**THE TASK**
Please retype the records below exactly, from the first line through the line containing "县农业农村局按照19%的比例", and leave out any pictures.

**RECORD EXTRACTS**
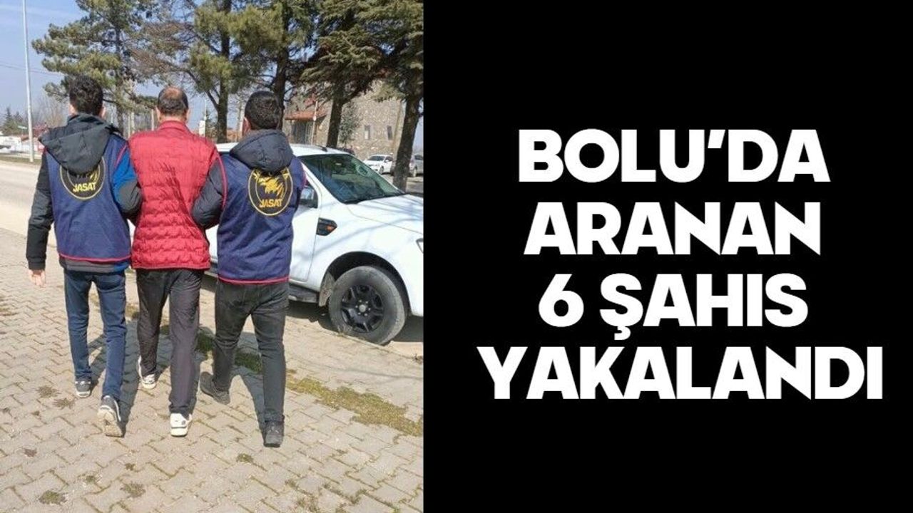 Bolu İl Jandarma Komutanlığı ekiplerince aranan şahısların yakalanmasına yönelik yürütülen çalışmalar kapsamında, farklı suçlardan kesinleşmiş hapis cezaları bulunan 6 kişi yakalandı.
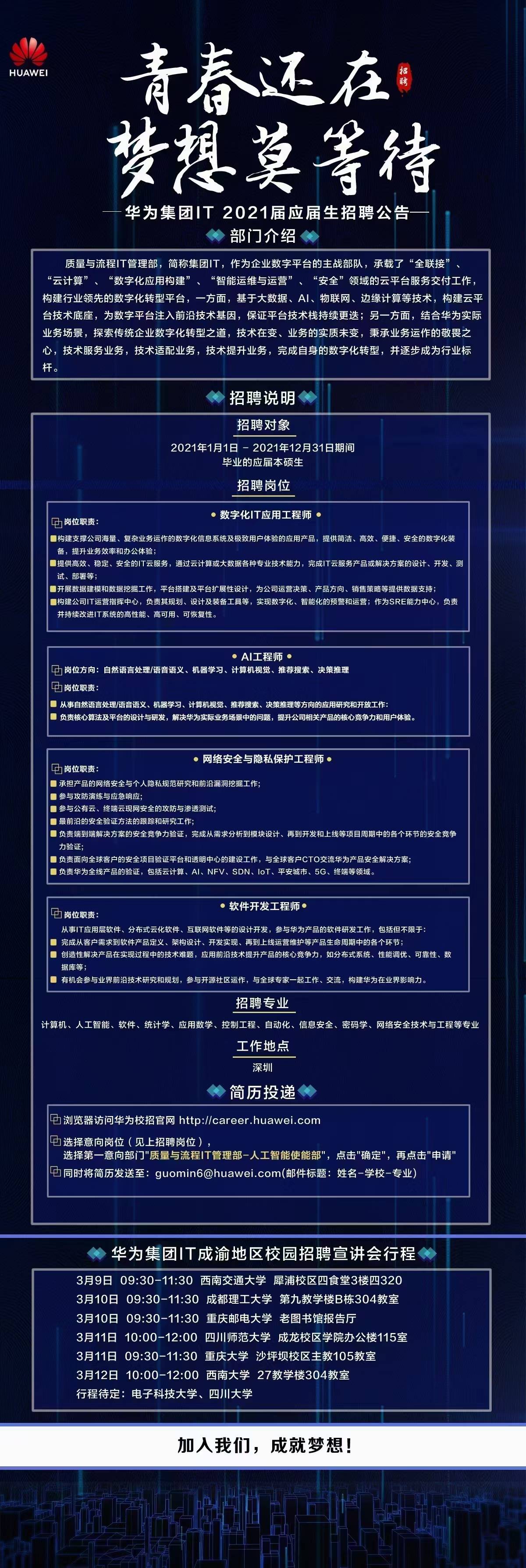 华为集团IT应届毕业生澳门六合彩开奖结果 专场招聘会,时间:2021年3月9日晚上7:00,地点:四食堂三楼317会议室
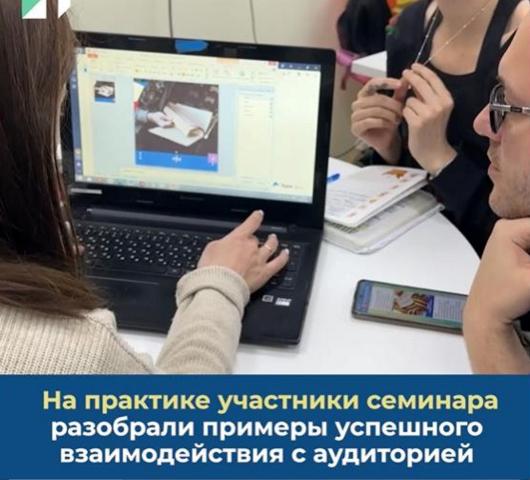 Участники семинара прослушали лекции о том, как работать с контентом в социальных сетях, о продвижении пабликов, виджетах и QR-кодах. Узнали о том, какие бывают типы контента, а также как эффективно проводить прямые эфиры.
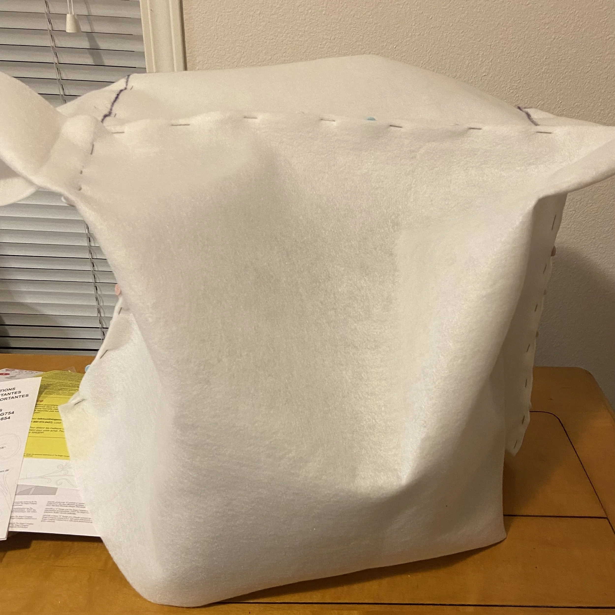 After I’d cut out all four pieces, I took a few minutes to pin together the Pellon pieces along what would be the seam lines to see if it would fit over the top of Hester. No point in continuing on if I wasn’t sure it would fit…as you can see, while it looks a little odd, it did fit quite nicely.
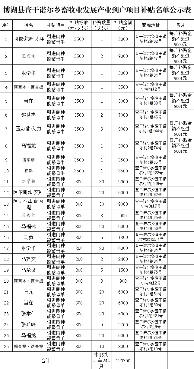 县农业农村局按照19%的比例对查干诺尔乡张希峰等5户脱贫户、监测对象进行畜牧业生产发展产业到户项目抽验。查干诺尔乡共补助26户,补贴新购良种母牛15头、新购良种母羊244只,补贴金额为12.07万元。经现场抽验,情况属实,符合补助条件和要求,拟发放补助资金共计12.07万元。
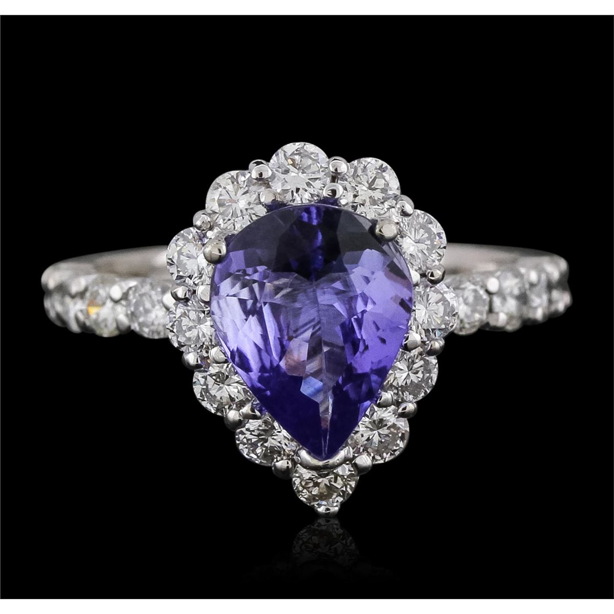 One electronically tested 14KT white gold ladies combination cast & assembled tanzanite and diamond ring with a flat shank with a bright polish finish. Identified with markings of "K14". Condition is new. Containing: One prong set pear modified brilliant cut natural tanzanite, measuring 10.50 x 8.30 x 5.86mm, approximate weight of 3.42ct., clarity is eye clean, type I, medium light, very slightly grayish, violet color, (GIA V 4/3), cut is good. Twenty-Two prong set round brilliant cut diamonds, measuring 2.50 - 2.30 x 1.44mm (depth est.) approximate total weight of 22 Stones = 1.11ct. Clarity: SI-1 to SI-2. Color: I - J, Cut is Good. Colored gemstones are presumed to have been subjected to commonly used enhancement processes. All diamonds and colored gemstones are graded in the mounting, unless otherwise stated. Total Weight of Colored Stones 3.42ct. Total Weight of Diamonds 1.11ct. Total Weight of Ring 4.40 grams. GGL Appraised at $8,700.00.
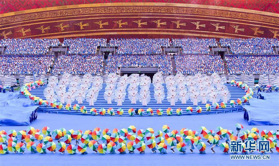 12月10日,廣西壯族自治區(qū)成立60周年慶祝大會在廣西體育中心隆重舉行。這是慶祝大會上的群眾文藝表演。 新華社記者 申宏 攝
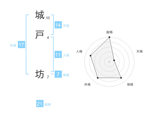 城戸 坊さんの総格は21画の5点!
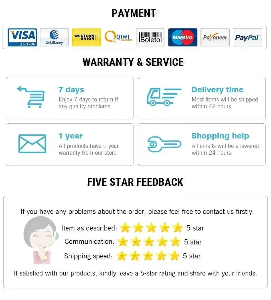 If you are satisfied in any way, please do not hesitate to contact us before our negative feedback, I will solve all problems for you. Remember, the order is over, but our service isn't over yet.
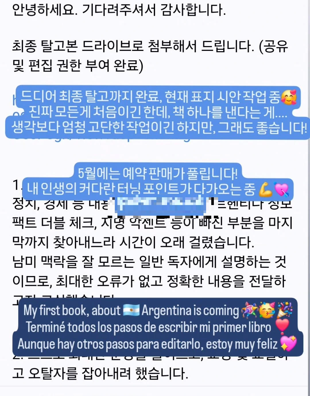 이미 모두가 알고 있듯 지구 반대편 아르헨티나에 대한 정보와 그곳에서의 삶이 책이라는 형태로 나오는 건 귀한 편이라, 내 친구가 이야기한 대로 내 책이 당분간 아르헨티나의 바이블 같은 역할을 할 수도 있다.
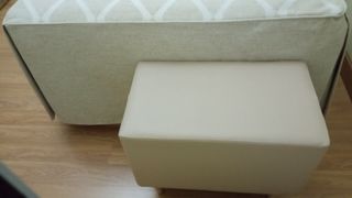 Taburete pied de cama, revestimiento en polipiel , y base de cuatro patas de madera Seminuevo Medidas , alto 47cm Ancho 31 cm Largo 54 cm Taburete Marca tapizados carrasco
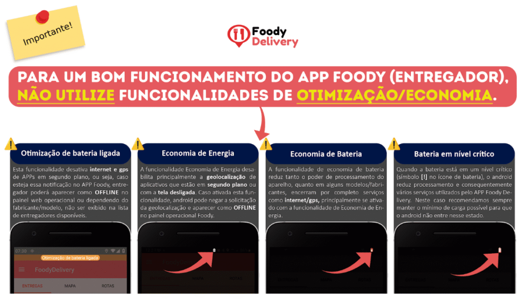📌Observação: APPs que ativam funcionalidades nativas do ANDROID (otimização/economia) podem interferir diretamente na operação, tanto do cliente direto Foody (Painel Operacional), quanto do entregador, que poderá não receber pedidos despachados caso seja negado solicitação de internet, gps ou processamento ao APP. Antivírus ou firewall (mobile) também podem atrapalhar o bom funcionamento do APP Foody.
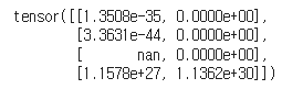 - C에서 초기화 하지 않은 변수처럼 다양한 값(NaN 포함)으로 구성됨 (환경에 따라 다른 듯)
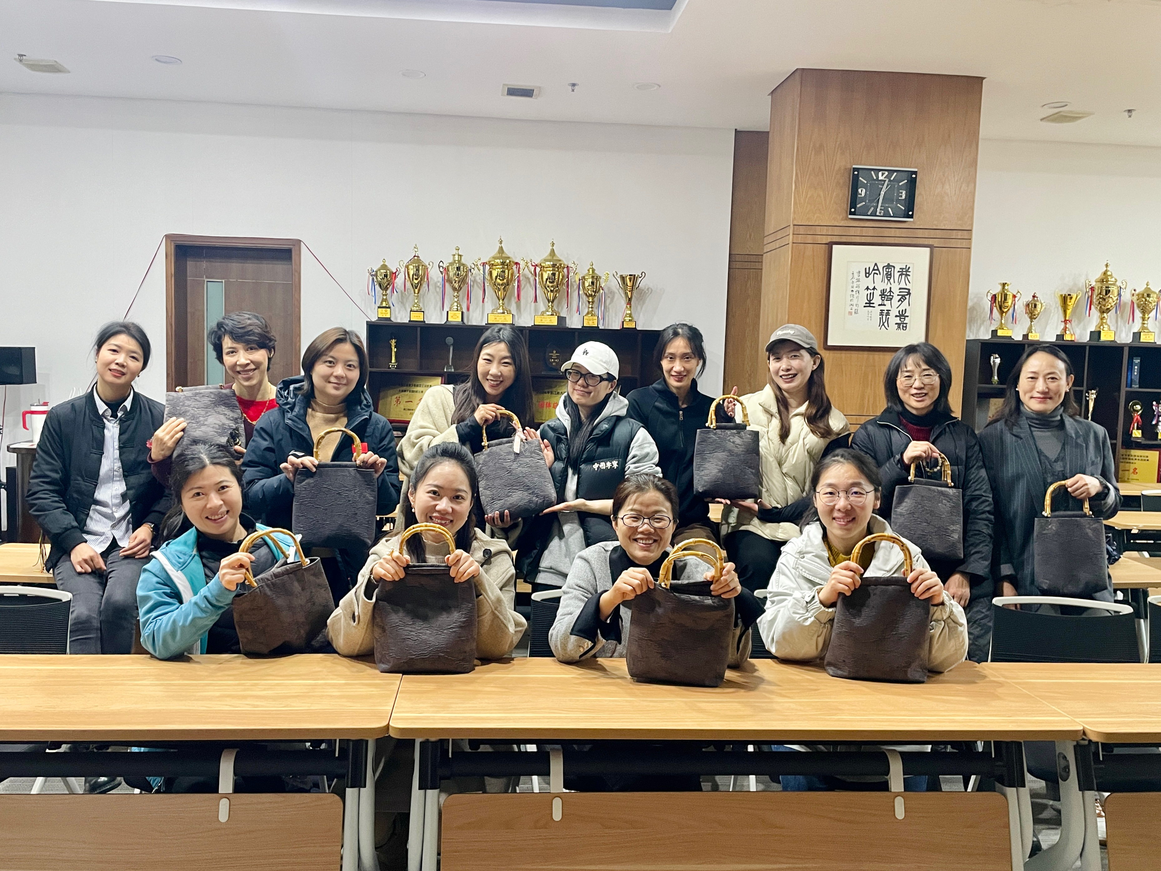 活动现场,指导老师早早备齐了布料、装饰品、针线、剪刀等材料,随后分享了设计思路,细致讲解了基本手工技艺。女教师们热情高涨,全身心投入手提包的制作,一针一线,耐心缝制,在其中收获满满乐趣与成就感。葛老师兴奋表示:“去年DIY烘焙趣味十足,今年DIY手提包同样精彩,这类活动让我们放缓节奏,尽情享受创造过程,期待来年再续!”
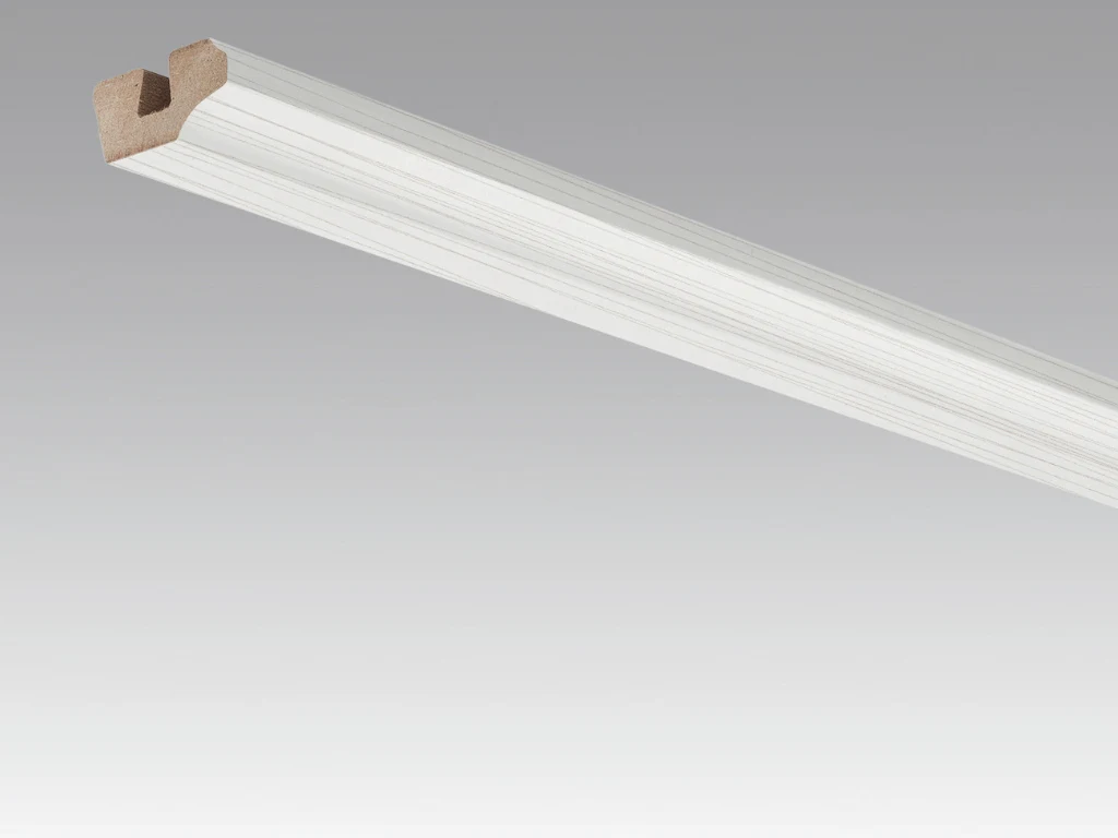 Die Deckenabschlussleiste in Silber setzt mit ihrer dezenten Folierung in Metalloptik moderne Akzente. Mit den Maßen 38 x 19 mm (B x H) und einer Länge von 238 cm eignet sie sich ideal für einen sauberen, stilvollen Abschluss zwischen Wand und Decke – besonders in puristischen oder industriell angehauchten Raumkonzepten.
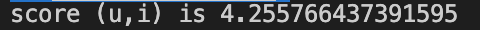 def User_item_score(user,item):a = sim_user_30_m[sim_user_30_m.index==user].valuesb = a.squeeze().tolist()c = final_movie.loc[:,item]d = c[c.index.isin(b)]f = d[d.notnull()]avg_user = Mean.loc[Mean['userId'] == user,'rating'].values[0]index = f.index.values.squeeze().tolist()corr = similarity_with_movie.loc[user,index]fin = pd.concat([f, corr], axis=1)fin.columns = ['adg_score','correlation']fin['score']=fin.apply(lambda x:x['adg_score'] * x['correlation'],axis=1)nume = fin['score'].sum()deno = fin['correlation'].sum()final_score = avg_user + (nume/deno)return final_scorescore = User_item_score(320,7371)print("score (u,i) is",score)
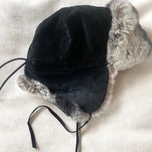 ALMAR, Canada, Suede leather trapper hat with rabbit fur, black, grey size M
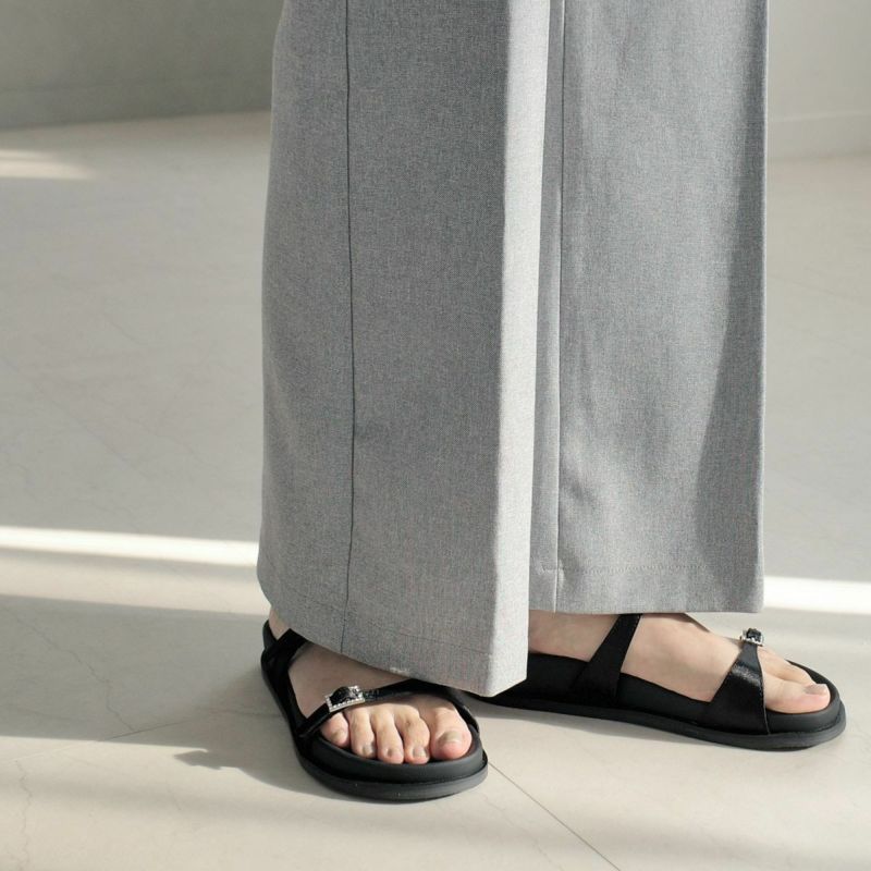 細めのサテンストラップとラインストーン付きバックルで、上品で華やかな印象に。カジュアルから少しドレッシーなスタイルまで幅広く対応できるデザインです。

**RESPONSE TO THIS EXERCISE**
 Bolu İl Jandarma Komutanlığı ekiplerince aranan şahısların yakalanmasına yönelik yürütülen çalışmalar kapsamında, farklı suçlardan kesinleşmiş hapis cezaları bulunan 6 kişi yakalandı.
 华为集团IT应届毕业生澳门六合彩开奖结果 专场招聘会,时间:2021年3月9日晚上7:00,地点:四食堂三楼317会议室
 Участники семинара прослушали лекции о том, как работать с контентом в социальных сетях, о продвижении пабликов, виджетах и QR-кодах. Узнали о том, какие бывают типы контента, а также как эффективно проводить прямые эфиры.
 After I’d cut out all four pieces, I took a few minutes to pin together the Pellon pieces along what would be the seam lines to see if it would fit over the top of Hester. No point in continuing on if I wasn’t sure it would fit…as you can see, while it looks a little odd, it did fit quite nicely.
 县农业农村局按照19%的比例对查干诺尔乡张希峰等5户脱贫户、监测对象进行畜牧业生产发展产业到户项目抽验。查干诺尔乡共补助26户,补贴新购良种母牛15头、新购良种母羊244只,补贴金额为12.07万元。经现场抽验,情况属实,符合补助条件和要求,拟发放补助资金共计12.07万元。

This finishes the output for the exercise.